Here you may find a paper that seems closely related to your problem.
From the abstract:
This thesis presents Ixor, a system which collects, stores, and analyzes
stack traces in distributed Java systems. When combined with third-party
clustering software and adaptive cluster filtering, unusual executions can be
identified.
I'm looking for a good data structure to build equivalence classes on nodes of a tree. In an ideal structure, the following operations should be fast (O(1)/O(n) as appropriate) and easy (no paragraphs of mystery code):
(A) Walk the tree from the root; on each node --> child transition enumerate all the equivalent versions of the child node
(B) Merge two equivalence classes
(C) Create new nodes from a list of existing nodes (the children) and other data
(D) Find any nodes structurally equivalent to node (i.e. they have the same number of children, corresponding children belong to the same equivalence class, and their "other data" is equal) so that new (or newly modified) nodes may be put in the right equivalence class (via a merge)
So far I've considered (some of these could be used in combination):
A parfait, where the children are references to collections of nodes instead of to nodes. (A) is fast, (B) requires walking the tree and updating nodes to point to the merged collection, (C) requires finding the collection containing each child of the new node, (D) requires walking the tree
Maintaining a hash of nodes by their characteristics. This makes (D) much faster but (B) slower (since the hash would have to be updated when equivalence classes were merged)

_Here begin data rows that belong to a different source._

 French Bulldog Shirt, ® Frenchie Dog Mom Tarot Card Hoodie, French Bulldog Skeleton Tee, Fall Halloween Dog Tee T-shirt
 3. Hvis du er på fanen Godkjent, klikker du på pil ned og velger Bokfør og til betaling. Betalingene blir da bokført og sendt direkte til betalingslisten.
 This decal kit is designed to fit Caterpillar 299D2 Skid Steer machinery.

String the nodes together into a circular linked list. (A) is fast, (B) would be fast but for the fact that that "merging" part of a circular list with itself actually splits the list (C) would be fast, (D) would require walking the tree
Like above, but with an additional "up" pointer in each node, which could be used to find a canonical member of the circular list.

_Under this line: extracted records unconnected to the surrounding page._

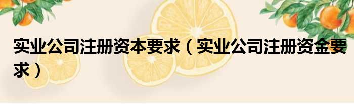 大家好,今天小六子来为大家解答以下的问题,关于实业公司注册资本要求,实业公司注册资金要求这个很多人还不知道,现在让我们一起来看看吧!
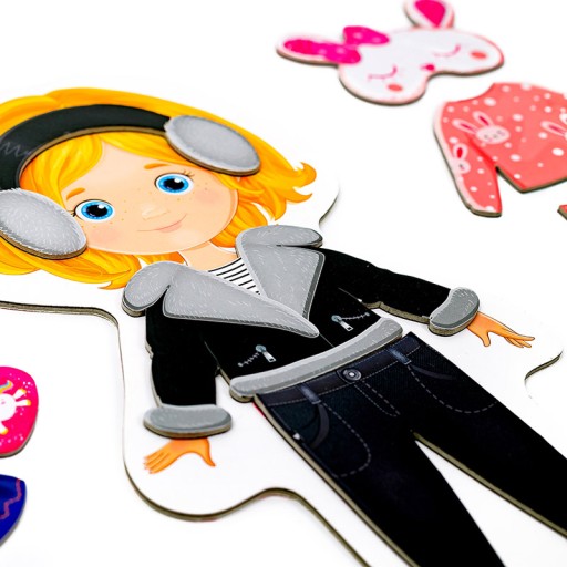Dobierajcie dla dziewczynki magnesowe elementy ubrań. Zestawiajcie przedmioty garderoby i twórzcie swój niepowtarzalny styl! W książeczce- instrukcji -znajdziecie wskazówki, w jaki sposób można łączyć ubrania i jakie obrazy można tworzyć.
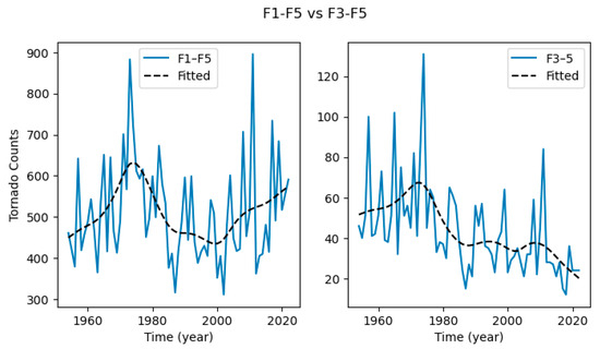 Most tornado fatalities are inflicted by severe tornadoes, with 67% inflicted by strong ones (F2 and above) and 2% by violent ones (F4 and above) [38]. In this study, F3–F5 (inclusive) tornadoes are called severe tornadoes, contrasting with all tornadoes (F1–F5). Typically, severe tornadoes live longer, are more visible, and follow longer paths; they are thus less likely to be missed in reporting. In comparison, weak tornadoes (F0–F1) are more likely to be underreported, especially during the early times [19]. As such, the number count of severe tornadoes should be more robust than that of weak ones.
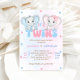 Invitation Baby shower Eléphants Jumeaux Garçon Fille
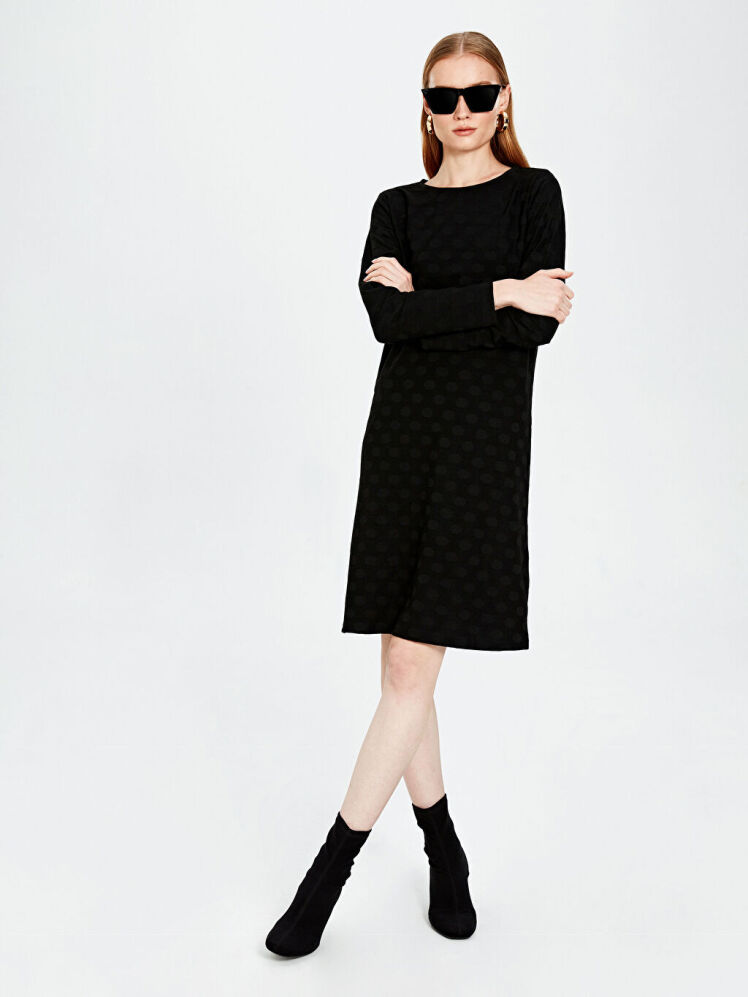 قد این پیراهن زنانه ال سی وایکیکی تا بالای زانوست و آستر آن بدون خط است. بر روی پارچه این پیراهن زنانه طرح دایره های همرنگ وجود دارد که زیبایی خاصی به آن بخشیده است.

Am I missing a sweet alternative?
You seem to have two forms of equivalence to deal with. Plain equivalence (A), tracked as equivalence classes which are kept up to date and structural equivalence (D), for which you occasionally go build a single equivalence class and then throw it away.
It sounds to me like the problem would be conceptually simpler if you maintain equivalence classes for both plain and structural equivalence. If that introduces too much churn for the structural equivalence, you could maintain equivalence classes for some aspects of structural equivalence. Then you could find a balance where you can afford the maintenance of those equivalence classes but still greatly reduce the number of nodes to examine when building a list of structurally equivalent nodes.

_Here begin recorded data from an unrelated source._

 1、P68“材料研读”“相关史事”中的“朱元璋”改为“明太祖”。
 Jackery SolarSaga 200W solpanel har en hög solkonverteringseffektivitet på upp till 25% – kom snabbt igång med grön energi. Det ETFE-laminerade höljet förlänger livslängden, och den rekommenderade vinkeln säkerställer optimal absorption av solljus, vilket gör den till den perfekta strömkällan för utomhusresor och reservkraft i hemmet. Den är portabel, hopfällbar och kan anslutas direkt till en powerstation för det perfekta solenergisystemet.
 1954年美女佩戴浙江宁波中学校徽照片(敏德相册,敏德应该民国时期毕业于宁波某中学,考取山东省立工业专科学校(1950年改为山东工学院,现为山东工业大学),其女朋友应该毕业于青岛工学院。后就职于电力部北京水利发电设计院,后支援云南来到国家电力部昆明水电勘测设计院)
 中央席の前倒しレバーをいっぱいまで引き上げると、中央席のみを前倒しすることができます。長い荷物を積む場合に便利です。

I don't think any one structure is going to solve your problems, but you might take a look at the Disjoint-set data structure. An equivalence class, after all, is the same thing as a partitioning of a set. It should be able to handle some of those operations speedily.
Stepping back for a moment I'd suggest against using a tree at all. Last time I had to confront a similar problem, I began with a tree, but later moved onto an array.
Reasons being multiple but number one reason was performance, my classes with up to 100 or so children would actually perform better while manipulating them as array than through the the nodes of a tree, mostly because of hardware locality, and CPU prefetch logic, and CPU pipelining.
So although algorithmically an array structure requires a larger N of operations than a tree, performing these dozens of operations is likely faster than chasing pointers across memory.